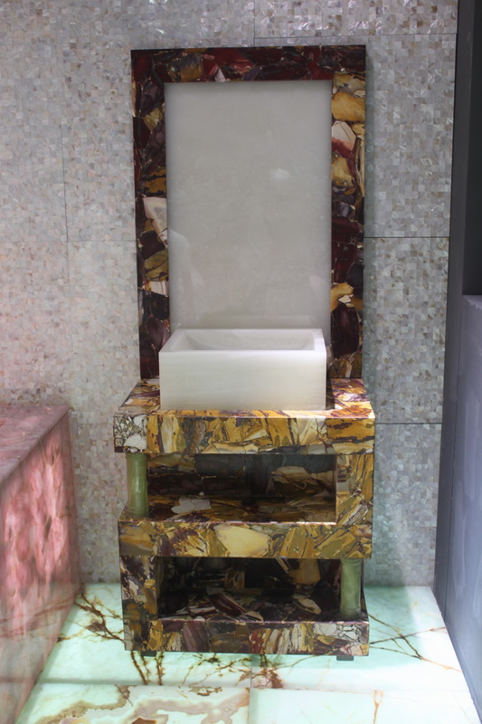 品名:洗手臺,材料:蛋黃瑪瑙+綠玉石支撐柱,設計思想:簡約,奢華。
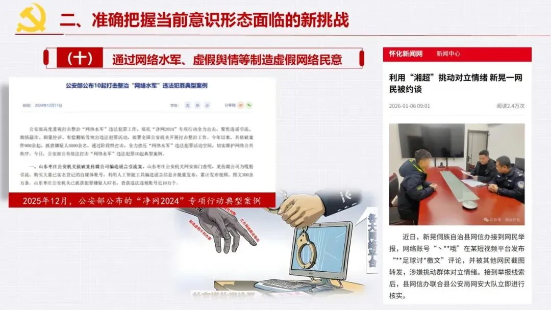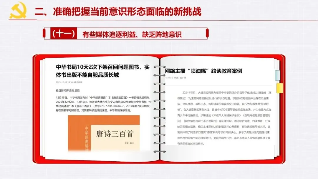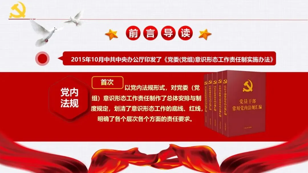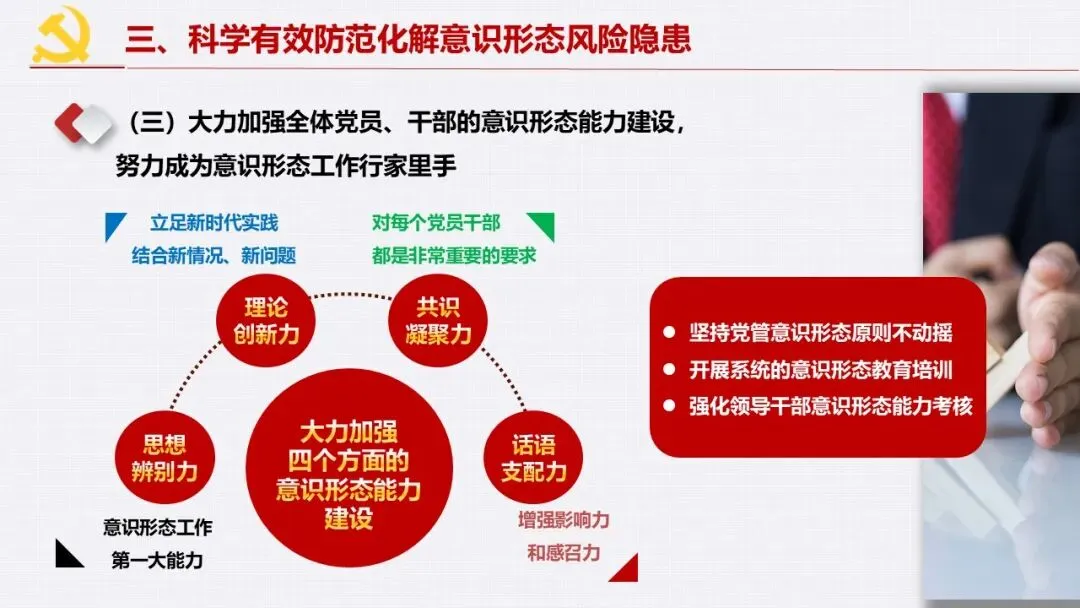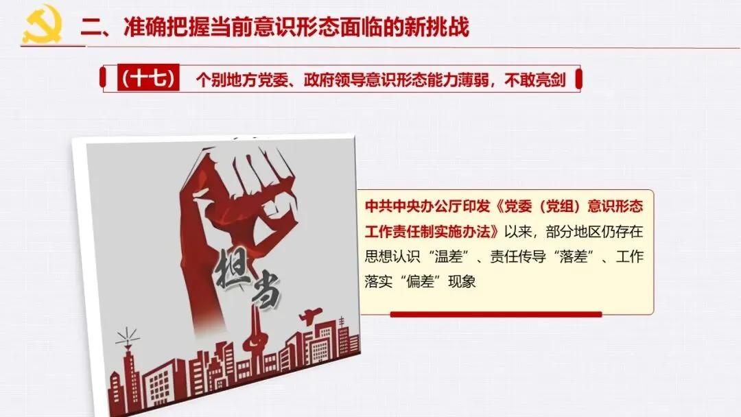 2026年专题学习辅导PPT:全面落实意识形态工作责任制,为推进中国式现代化凝心聚力讲稿侧重案例教学,大量权威官方公开报告的正反案例,加以规范严谨阐释,充分提升思政教学的生动性鲜活性。主要围绕意识形态工作的极端重要性、当前面临的新挑战以及科学有效的应对策略3层面,进行全面深入解读。
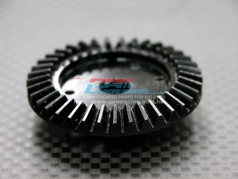This GPM hard steel ring gear is intended as a durable replacement for the Traxxas T-Maxx 1 and Tmaxx 3.3 stock item, helping to reduce wear and preserve consistent tooth contact under load. The component is suited to high-demand running where maintaining reliable gear meshing and low backlash is important for drivetrain performance.
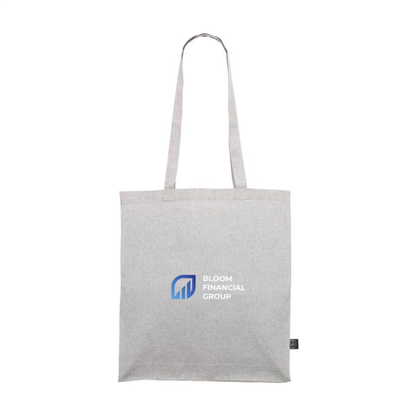 Sturdy shopping bag with long handles, made from 80% mixed recycled cotton canvas and 20% recycled polyester (150 g/m²). GRS-certified. Total recycled material: 100%. Capacity approx. 12 litres.
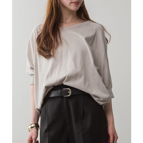 aity アイティ ドルマンシルエットの5分袖コットンニットです。
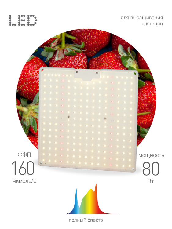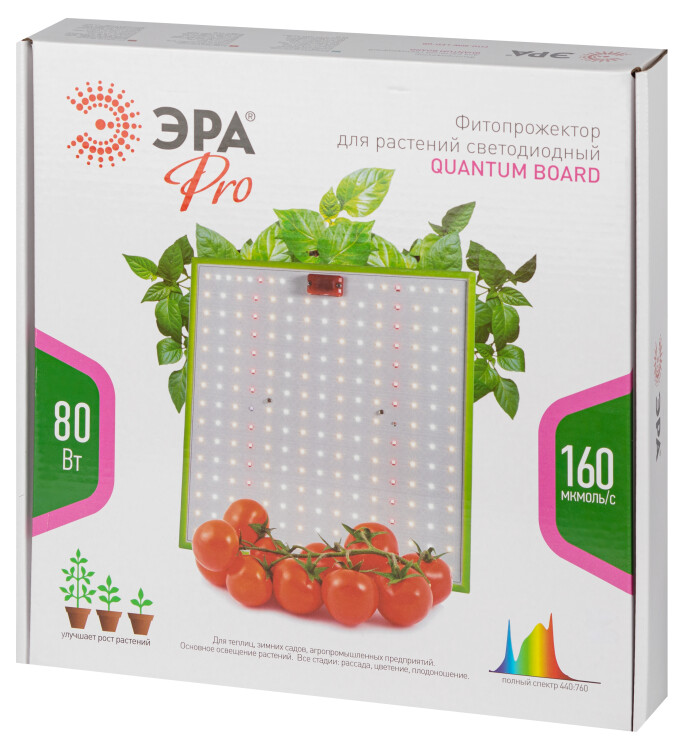 Фитопрожектор для растений светодиодный ЭРА FITO-80W-LED-QB подвесной Quantum Board полного спектра, мощность — 80 Вт. Входит в профессиональную линейку ЭРА для выращивания растений в гидропонике, гроубоксах. Печатная плата со светодиодами надёжно защищена от попадания плаги, паров удобрений и прочих активных компонентов — специальным кремнийорганическим покрытием. Квантумборд может использоваться как для стеллажных отделений (для проращивания семян), так и для взрослых растений — в спектре присутствуют все длины волн, необходимые для фотоморфогенеза и фотосинтеза.
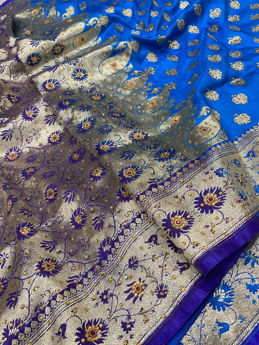 Faishana Presents Turqouise Blue Satin Silk Floral Zari Booti Heavy Stone Work Banarasi Saree with Contrast Blue Pallu and Blue Blouse
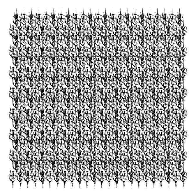At that very instant, a swarm of darting tentacles emerges from the lowest point of the canvas, resembling earth-born serpents. The soldiers stumble and fall, raising screams of terror to the sky. Before crashing into the sand, a young woman pirouettes upon herself and drops her rifle. At that moment, she looks straight at the Convention, as if she were staring at the center of a target, her jaw clenched, her eyes wide open as if she had just awakened from a bad dream. The tentacle that has tightened around her ankle rises quickly up her armor, wraps around her torso, covering her mouth. Now, everyone can see that it is a root: a green-brown stem, as thick as a human leg.
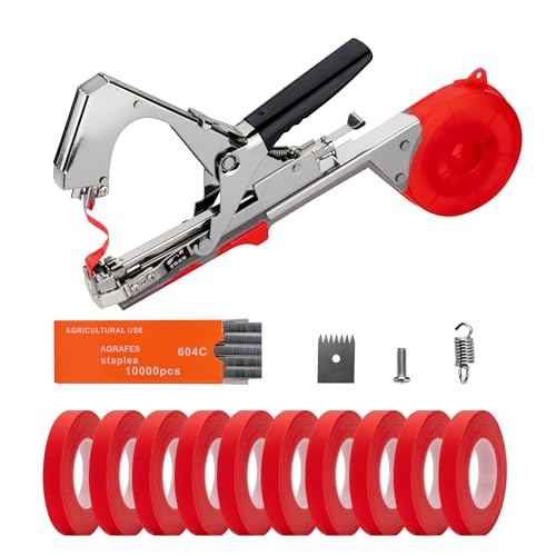 Plant Tying Machine, Garden Tapetool Tapener,Vines Plant Tying Tool for Grapes,Tomatoes,Peppers,Indoor Plant with 10 Rolls of Tape,10000 Staples,1 Replacement Part
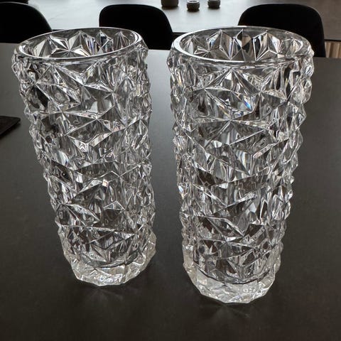 Orrefors Carat ljusstakar i 2-pack. Ljusstakarna är tillverkade i klart glas med fasetterad, kristalliknande fot och pelare samt överdel i guldfärgad metall. Höjd cirka 24,2 cm. Avsedda för kronljus och passar som bordsdekoration eller inredningsdetalj i hemmet.
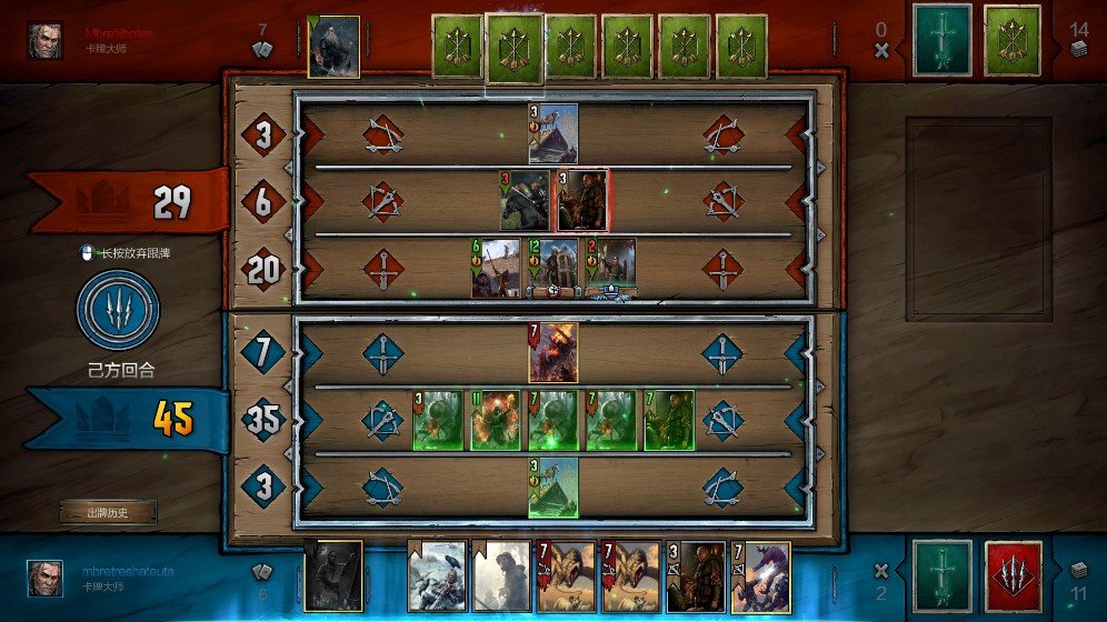 4、一小局游戏中,双方轮流出卡,一次一张,只到一方没卡或者主动按空格键结束出卡时一小局结束并开始清算力量点数。
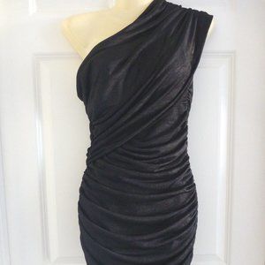 Express your unique style with this stunning one-shoulder black dress from DECAPOLIS.
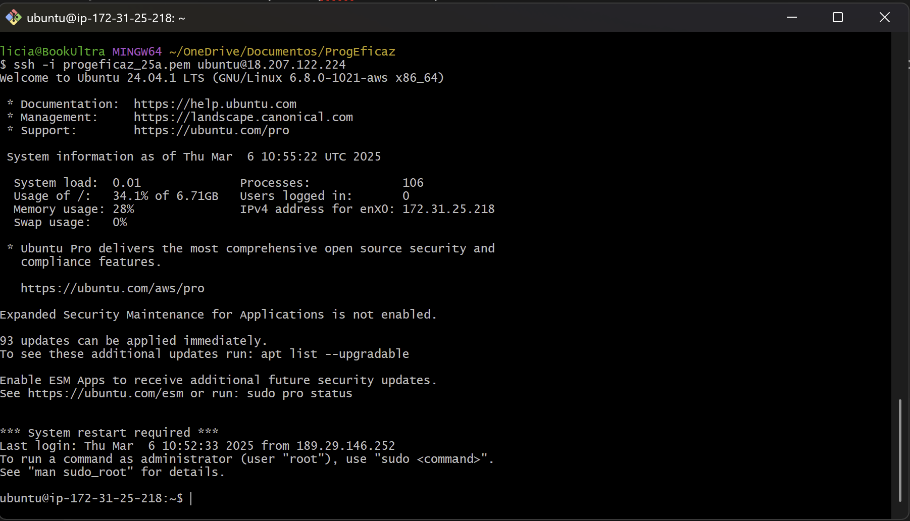 Depois, abra um terminal git bash para acessar a máquina na AWS via SSH com sua chave pem e IP público:

▸ To do: Copy the lines above exactly, starting with the line that contains "This GPM hard" and ending with the line that contains "Faishana Presents Turqouise", and leave out any pictures.

▸ Your solution:
This GPM hard steel ring gear is intended as a durable replacement for the Traxxas T-Maxx 1 and Tmaxx 3.3 stock item, helping to reduce wear and preserve consistent tooth contact under load. The component is suited to high-demand running where maintaining reliable gear meshing and low backlash is important for drivetrain performance.
 Sturdy shopping bag with long handles, made from 80% mixed recycled cotton canvas and 20% recycled polyester (150 g/m²). GRS-certified. Total recycled material: 100%. Capacity approx. 12 litres.
 aity アイティ ドルマンシルエットの5分袖コットンニットです。
 Фитопрожектор для растений светодиодный ЭРА FITO-80W-LED-QB подвесной Quantum Board полного спектра, мощность — 80 Вт. Входит в профессиональную линейку ЭРА для выращивания растений в гидропонике, гроубоксах. Печатная плата со светодиодами надёжно защищена от попадания плаги, паров удобрений и прочих активных компонентов — специальным кремнийорганическим покрытием. Квантумборд может использоваться как для стеллажных отделений (для проращивания семян), так и для взрослых растений — в спектре присутствуют все длины волн, необходимые для фотоморфогенеза и фотосинтеза.
 Faishana Presents Turqouise Blue Satin Silk Floral Zari Booti Heavy Stone Work Banarasi Saree with Contrast Blue Pallu and Blue Blouse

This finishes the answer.